Also, I have despaired of ever being in the mood to read some of the books on my physical TBR pile, so I am trying out a new strategy: I shut my eyes, run my hand along the shelves, and pick a book totally at random. Even if I’m not in the mood, I start reading that book. If I don’t think I like it, I will keep going a little or skip ahead and try again so that I feel like I’ve given the book a fair try. I will have a comment about this method in a later post, but for now I want to focus on Bitterblue by Kristin Cashore.


I will start by saying that although I liked the first book, Graceling, I really did not think it was all that and a bag of chips. I thought the characters were pretty typical, the plot fairly predictable, the fundamental worldbuilding fairly unbelievable, and the actual storytelling good enough to carry me along through the story anyway. I didn’t read the second book, Fire, because it just did not sound as though it would be something I would like. Bitterblue, on the other hand, did.


Eight years have passed since the young Princess Bitterblue, and her country, were saved from the vicious King Leck. Now Bitterblue is the queen of Monsea, and her land is at peace.

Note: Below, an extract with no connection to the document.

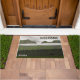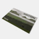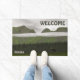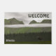Una pintura digital "primitiva" o folclórica de árboles de coníferas verdes y montañas en Alaska en un día muy gris y nublado. Un alce de toro (Alces alces) en primer plano da escala a la escena. Hay dos ejemplos de personalizables que dicen "Alaska" y "BIENVENIDA".

But the influence of her father, a violent psychopath with mind-altering abilities, lives on. Her advisers, who have run the country on her behalf since Leck’s death, believe in a forward-thinking plan: to pardon all of those who committed terrible acts during Leck’s reign; and to forget every dark event that ever happened. Monsea’s past has become shrouded in mystery, and it’s only when Bitterblue begins sneaking out of her castle – curious, disguised and alone – to walk the streets of her own city, that she begins to realise the truth. Her kingdom has been under the thirty-five-year long spell of a madman, and now their only chance to move forward is to revisit the past.


Whatever that past holds.



Where Graceling was if anything too straightforward, Bitterblue is thoroughly confusing. I mean that in a good way. For a long time, nothing makes sense, to Bitterblue or the reader. The palace is so weird and confusing and everyone who lives in it is also weird and confusing, from servant girls like Fox to important advisers like Thiel and everyone in between. All these weird, confusing things happen, both within the palace and out in the city.

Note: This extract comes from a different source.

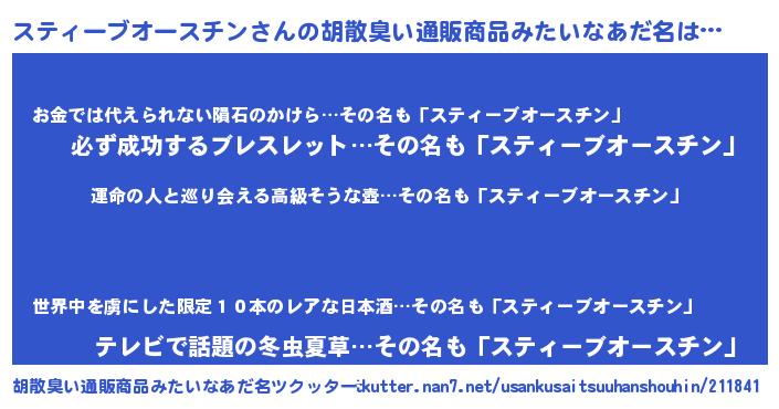| 欧米人風あだ名 | 『スティーブオースチンクリステル』 |

The reader is likely to sort all this out and come to certain disturbing conclusions about Leck’s past activities well before Bitterblue does, which is reasonable because not only is Bitterblue in the middle of events, not only is almost everyone — every Monsean, anyway — looking her in the eye and lying to her, she also doesn’t have that depraved an imagination. She sure tries hard, but she’s so wrapped in a fog of past and present deception, of course she has a hard time figuring things out. Plus her evil father’s mind-control power means she has hardly any memory of her childhood before he died.


Well, this all makes for a dramatically more interesting novel. Plus Bitterblue is someone the reader can really get behind. She tries so hard to be a good queen. She is a genuinely kind, serious, responsible sort of young woman, caught in a terrifying and baffling situation. Plus she isn’t super beautiful or super clever or whatever. There’s a bit of a love triangle, but it’s not ridiculously intense, doesn’t get in the way of the story, and certainly doesn’t venture into Mary Sue everyone-falls-in-love-with-the-heroine territory.


Also! Every single continuing character from Graceling is more complicated and more interesting in this book, from Katsa and Po right down the list. Giddon, a totally unimportant secondary character from Graceling, is far more important and interesting in this book. He’s a great character here, very possibly my favorite character in the book.


Possible flaws:


Now that I’ve finished Bitterblue, I have read through a handful of Goodreads reviews. Quite a lot of them say something like this: The book was way too long, the pacing was terrible, the middle dragged, Bitterblue spent all her time waiting for something or other and not nearly enough taking effective action.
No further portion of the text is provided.